(DATA PROVIDED)

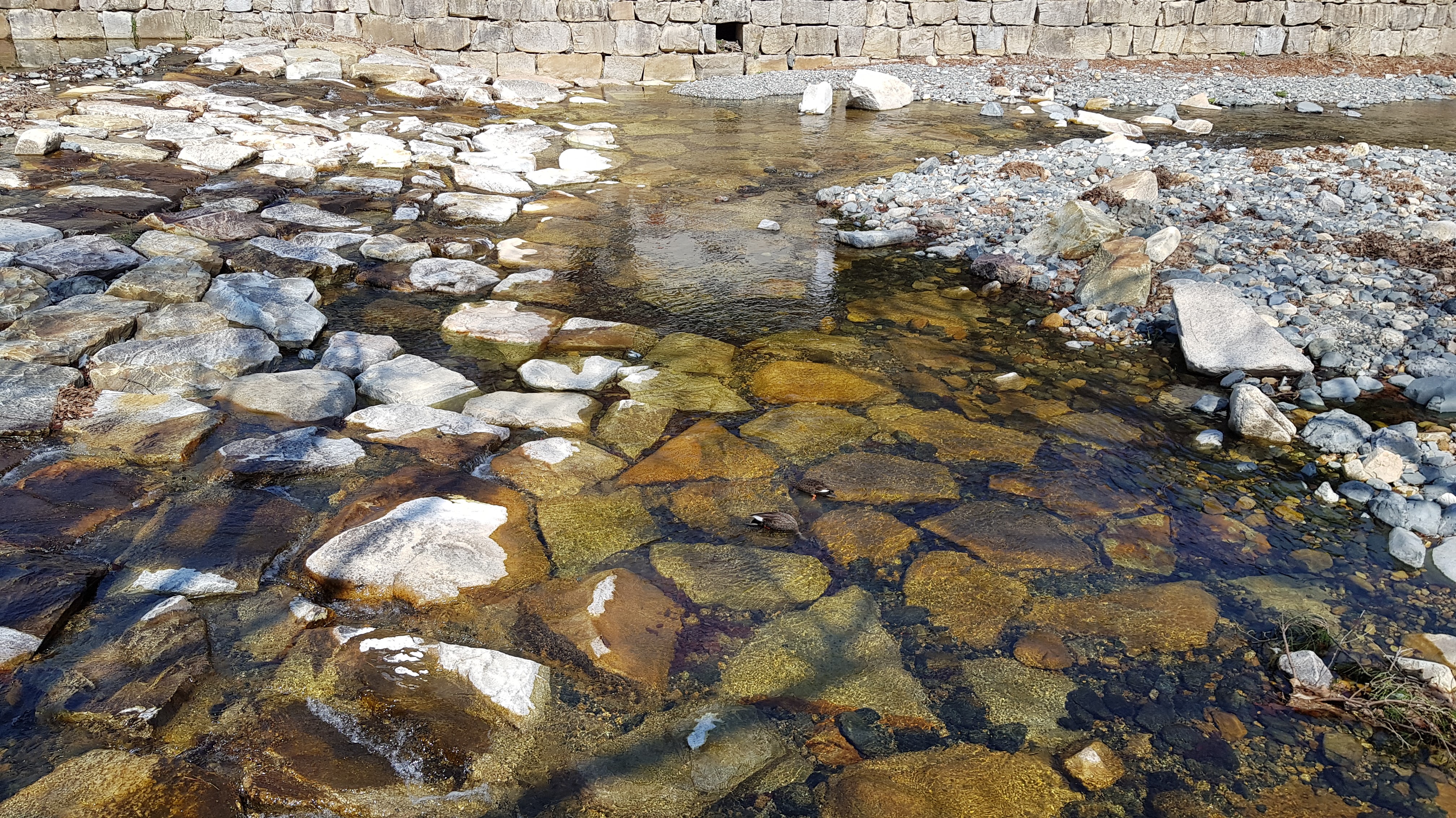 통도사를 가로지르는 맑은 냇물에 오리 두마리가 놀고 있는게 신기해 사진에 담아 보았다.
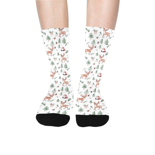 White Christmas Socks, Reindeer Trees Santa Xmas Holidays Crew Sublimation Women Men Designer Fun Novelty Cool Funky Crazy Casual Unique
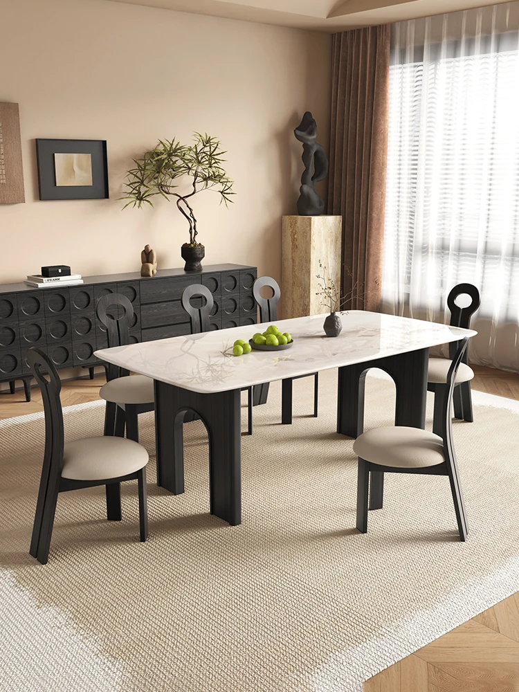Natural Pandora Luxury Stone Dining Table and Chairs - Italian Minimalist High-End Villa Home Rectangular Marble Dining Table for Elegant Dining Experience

(End DATA PROVIDED)
(DATA PROVIDED)

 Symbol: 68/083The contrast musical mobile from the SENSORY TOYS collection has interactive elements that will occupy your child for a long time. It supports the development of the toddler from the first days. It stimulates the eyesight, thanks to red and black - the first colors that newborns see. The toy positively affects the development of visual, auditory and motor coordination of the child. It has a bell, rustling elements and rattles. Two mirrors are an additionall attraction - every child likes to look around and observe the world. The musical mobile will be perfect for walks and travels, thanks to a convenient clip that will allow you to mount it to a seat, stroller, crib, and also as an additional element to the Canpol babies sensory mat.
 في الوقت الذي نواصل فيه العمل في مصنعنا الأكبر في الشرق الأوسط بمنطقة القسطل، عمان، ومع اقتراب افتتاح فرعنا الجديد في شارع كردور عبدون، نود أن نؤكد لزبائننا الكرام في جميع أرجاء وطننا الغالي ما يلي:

(End DATA PROVIDED)
(DATA PROVIDED)

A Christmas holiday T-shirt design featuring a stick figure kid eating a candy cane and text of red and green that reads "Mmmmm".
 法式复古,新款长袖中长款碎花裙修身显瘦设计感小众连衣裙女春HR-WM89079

(End DATA PROVIDED)

- _ASSIGNED TASK_
Within the listing above, print exactly the stretch beginning at the line that contains "통도사를 가로지르는 맑은" and finishing at the line that contains "Natural Pandora Luxury", ends kept, pictures left out, and nothing more.

- _RESULT OF THIS TASK_
 통도사를 가로지르는 맑은 냇물에 오리 두마리가 놀고 있는게 신기해 사진에 담아 보았다.
 White Christmas Socks, Reindeer Trees Santa Xmas Holidays Crew Sublimation Women Men Designer Fun Novelty Cool Funky Crazy Casual Unique
Natural Pandora Luxury Stone Dining Table and Chairs - Italian Minimalist High-End Villa Home Rectangular Marble Dining Table for Elegant Dining Experience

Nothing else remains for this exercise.